__Work order__: Extract each line of the material that follows exactly and omit its pictures.

__Data shown__:
....

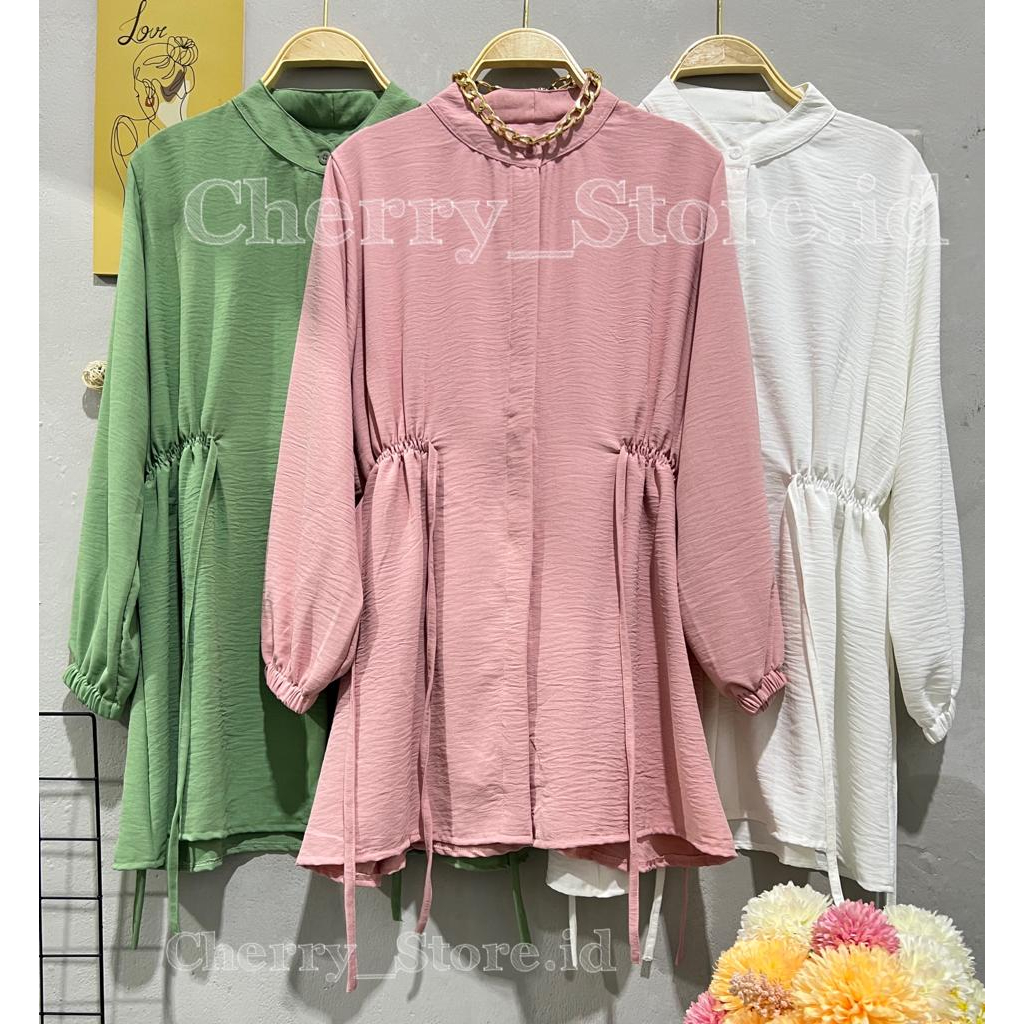 atasan kemeja model serut samping dgn bahan airflow crinkle bahan adem, jatuh dan flowy saat dipakai tidak gampang lecek maupun kusut bisa dipakai bumil maupun busui allsize fit to XL
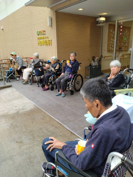 Ⅰ号棟の皆さんは外でお茶会中!
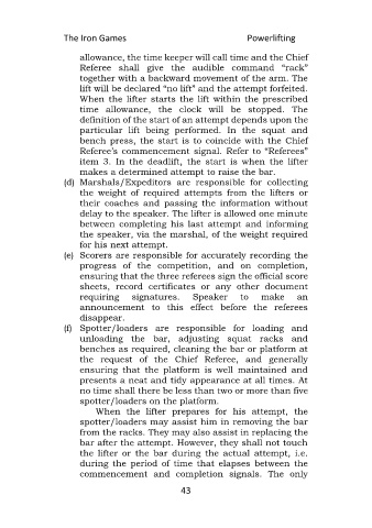 the lifter or the bar during the actual attempt, i.e.

....

__Finished exercise__:
 atasan kemeja model serut samping dgn bahan airflow crinkle bahan adem, jatuh dan flowy saat dipakai tidak gampang lecek maupun kusut bisa dipakai bumil maupun busui allsize fit to XL
 Ⅰ号棟の皆さんは外でお茶会中!
 the lifter or the bar during the actual attempt, i.e.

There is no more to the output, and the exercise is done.